我使用Phantom-DSL和Datastax Cassandra驱动程序获得Cassandra超时。但是,Cassandra似乎没有超载。以下是我得到的例外情况:
com.datastax.driver.core.exceptions.OperationTimedOutException: [node-0.cassandra.dev/10.0.1.137:9042] Timed out waiting for server response
at com.datastax.driver.core.RequestHandler$SpeculativeExecution.onTimeout(RequestHandler.java:766)
at com.datastax.driver.core.Connection$ResponseHandler$1.run(Connection.java:1267)
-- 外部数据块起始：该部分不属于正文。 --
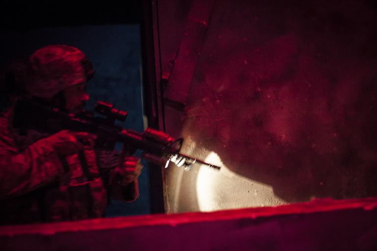 Keywords: U.S. Air Force Tech. Sgt. David Pabon moves tactically through an indoor Military Operations in Urban Terrain (MOUT) site at the New Jersey National Guard's Joint Training & Training Development Center (JT2DC), Joint Base McGuire-Dix-Lakehurst, N.J., June 16, 2016. Pabon is a Security Forces specialist assigned to the New Jersey Air National Guard's 177th Security Forces Squadron. The 177th Security Forces Squadron was utilizing the ability for the JT2DC's training areas to simulate low-light conditions in an urban environment. The red and blue lighting simulates a moonlit night as seen through night vision devices. (U.S. Air National Guard photo by Tech. Sgt. Matt Hecht/Released) usaf usairforce airnationalguard newjersey 177thsecurityforcessquadron m4 training jointbasemcguiredixlakehurst jt2dc nj usa publicdomain free |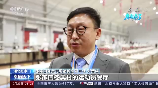 张家口冬奥村场馆餐饮副主任 张贺成:张家口冬奥村的运动员餐厅,主要特点就是体量非常大,由两部分组成,餐厅总面积是5225平方米,厨房是2670平方米,从餐厅构成来讲,我们的厨房和餐厅互相不会有交叉的。

at io.netty.util.HashedWheelTimer$HashedWheelTimeout.expire(HashedWheelTimer.java:588)
at io.netty.util.HashedWheelTimer$HashedWheelBucket.expireTimeouts(HashedWheelTimer.java:662)
at io.netty.util.HashedWheelTimer$Worker.run(HashedWheelTimer.java:385)
at java.lang.Thread.run(Thread.java:745)
以下是我在这段时间内从Cassandra Datadog连接器获得的统计数据:
您可以在顶部中心图表上看到我们的读取率(每秒)。我们的CPU和内存使用率非常低。
以下是我们配置Datastax驱动程序的方法:
val points = ContactPoints(config.cassandraHosts)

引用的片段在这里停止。